NEW YORK (CNN/Money) -
If the unemployment rate stays at current levels until the election, President Bush stands a much better chance at winning another four years in the White House, a job placement firm reported Monday.
In 10 of the last 14 elections, with some exceptions, the incumbent has been re-elected 71 percent of the time when the unemployment rate dropped below 5.6 percent from August until the election in November, according to Challenger, Gray, & Christmas.
The unemployment rate sank to 5.5 percent in July, even as hiring by employers slowed significantly.
"The economy is always an important issue in voters' minds, especially as it relates to the job market," CEO John Challenger said in a statement. "Most Americans do not pay much attention to gross domestic product growth, the strength of the dollar, inflation or other economic indicators."
People's perceptions about the strength of the economy come "almost exclusively" from whether they and their friends and neighbors can find work, he added.
But if unemployment averaged 5.6 percent or above from August to October, the challenging party took over, the firm said.
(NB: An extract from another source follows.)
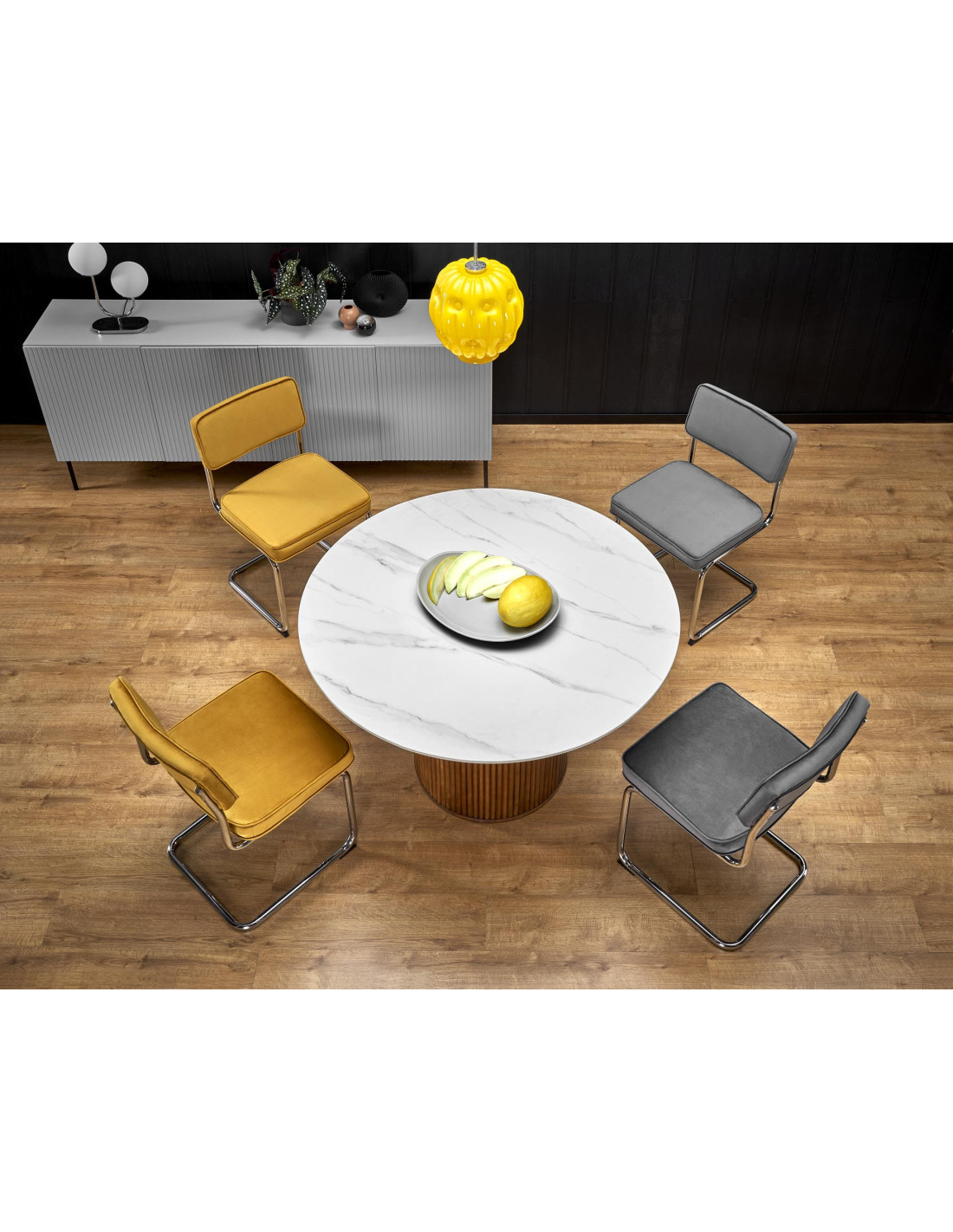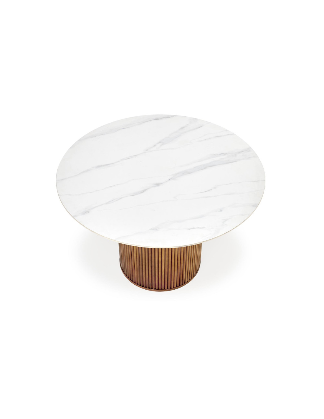 Dodaj odrobinę luksusu do swojego wnętrza z okrągłym stołem BRUNO, który zachwyca połączeniem eleganckiego designu i praktyczności. Jego okrągły blat o średnicy 120 cm, wykonany z ceramiki imitującej marmur, wprowadza do każdego pomieszczenia nutę klasyki. Podstawa stołu, stworzona z drewna w kolorze orzechowym, z pionowymi żłobieniami, dodaje mu wyjątkowego charakteru.
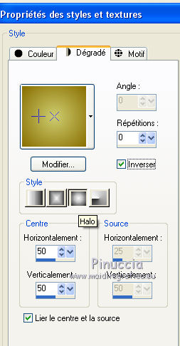 Préparer en avant plan un dégradé de premier plan/arrière plan, style Halo, inverser coché.

While most Americans watch the unemployment rate, that's not the most closely watched indicator of the health of the job market for many economists and investors.
Economists and many policy-makers traditionally pay more attention to payroll figures, compiled by the Labor Department in a separate survey of businesses, that show whether companies are adding or subtracting jobs.
The department's unemployment rate, generated from its survey of households, can fluctuate at times as people who were previously discouraged re-enter the work force.
That can tend to push the rate higher. Conversely, people sometimes take part-time jobs until they find full-time work, which can pull the rate lower, even in a relatively sluggish labor market.
After a prolonged period of weakness, payroll growth surged for three months last spring, but then slowed sharply in June and July, coming in well below economists' forecasts.
Another reading is due this Friday when the Labor Department reports on August payrolls and unemployment. That'll be the next to last job report before the Nov. 2 election.